American businessman (1879–1961)

James Ford Bell (August 16, 1879 – May 7, 1961), was an American business leader and philanthropist, was the founder of General Mills in 1928. He served as president of General Mills from 1928 to 1934 and as chairman from 1934 to 1948. He remained a board member until his death in 1961.

== Biography ==
A Quaker, Bell was born in Philadelphia, Pennsylvania, and moved with his family to Minneapolis, Minnesota, in 1888. During World War I he was appointed by the Food and Drug Administration as chairman of the Milling Division. In 1918 he assisted Herbert Hoover's European Hunger Relief Mission and was awarded the Belgian Order of the Crown and membership in the French Legion of Honor. Bell served on the board of AT&T for 24 years and also served on the board of Eastman Kodak. He was a trustee of the Carnegie Institution of Washington, DC, and was a longtime trustee of the Minneapolis Institute of Arts. His collection of Georgian silver is a major part of that museum's decorative arts collections. His collection of rare books devoted to the history of early modern trade comprises the basis for the James Ford Bell Library at the University of Minnesota. A highlight of the collection is Mateo Ricci's massive world map (1602), the oldest surviving map in Chinese to show the Americas. Bell was a graduate of the University of Minnesota (Class of 1901) and served as a regent of the university for 21 years. Bell's red-roofed mansion, Belford, still stands high on a hill overlooking Lake Minnetonka. Built by his father, James Stroud Bell, in 1906, the house's name is an amalgam of his parents' names (James Stroud Bell and Sally Montgomery Ford).

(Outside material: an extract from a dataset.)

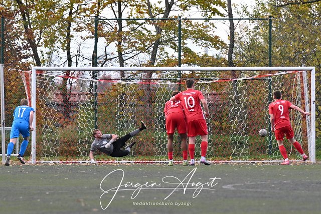 Fussball, Bezirksliga Ost, SG Malberg (rot) vs. SG Mueschenbach (blau), 02.11.2025 | ||
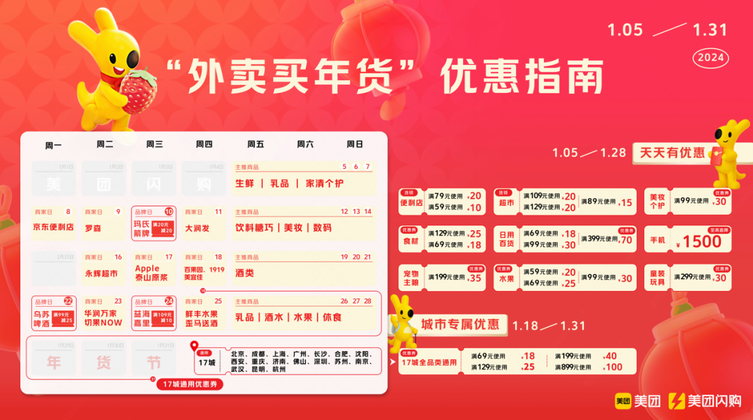 去年年货节期间,“像点外卖一样买年货”的消费表现已经凸显,今年1月5日,美团闪购也宣布正式启动2024年“年货节”,并持续至元宵后(2月25日),更好地发挥“外卖买万物”优势。

Bell was a dedicated conservationist. In 1938, he provided half the funding for a new natural history museum at the University of Minnesota, working with his friend, and fellow Quaker, Dr. Thomas Sadler Roberts, a physician, who had also served as director of the museum. In 1966, the museum was named for him, becoming the James Ford Bell Museum of Natural History, known today as the Bell Museum.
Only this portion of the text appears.